-------- Recorded data

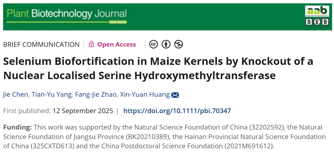 近日,ios版雷竞技官网资源与环境科学学院黄新元教授团队在《Plant Biotechnology Journal》发表题为“Selenium biofortification in maize kernels by knockout of a nuclear localised serine hydroxymethyltransferase”的论文。该研究通过突变玉米核定位丝氨酸羟甲基转移酶ZmSHMT5,显著提高了玉米籽粒中硒(Se)和硫(S)的积累,并改善了氨基酸组成,为玉米硒营养强化提供了新的育种靶点。
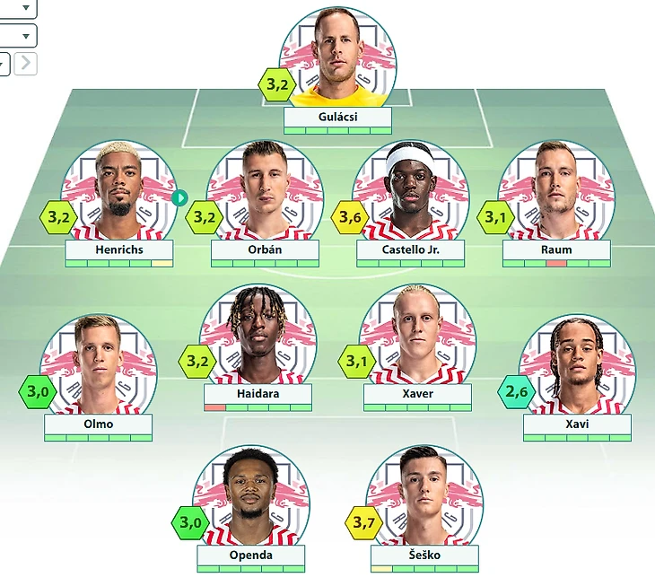 «РБ Лейпциг»: Гулачи – Хенрикс, Орбан, Кастелло, Раум – Ольмо, Айдара, Шлагер, Хави – Шешеко, Опенда
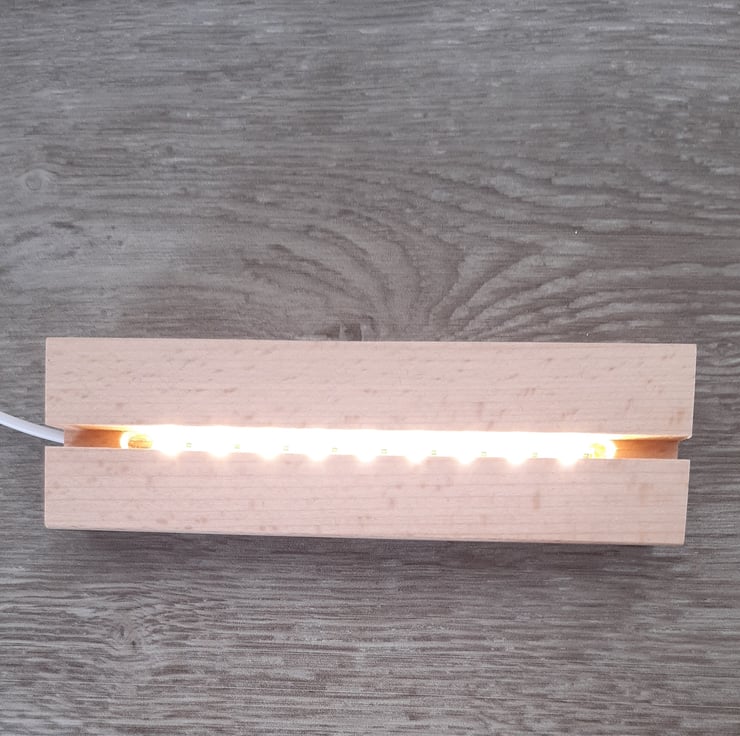 Acrylic Photo Frame with LED lamp in a rectangular wooden base.

----------------

### What you need to do:
Reproduce the material word for word. Any pictures should be left out of the copy.

### Solution for this exercise:
 近日,ios版雷竞技官网资源与环境科学学院黄新元教授团队在《Plant Biotechnology Journal》发表题为“Selenium biofortification in maize kernels by knockout of a nuclear localised serine hydroxymethyltransferase”的论文。该研究通过突变玉米核定位丝氨酸羟甲基转移酶ZmSHMT5,显著提高了玉米籽粒中硒(Se)和硫(S)的积累,并改善了氨基酸组成,为玉米硒营养强化提供了新的育种靶点。
 «РБ Лейпциг»: Гулачи – Хенрикс, Орбан, Кастелло, Раум – Ольмо, Айдара, Шлагер, Хави – Шешеко, Опенда
 Acrylic Photo Frame with LED lamp in a rectangular wooden base.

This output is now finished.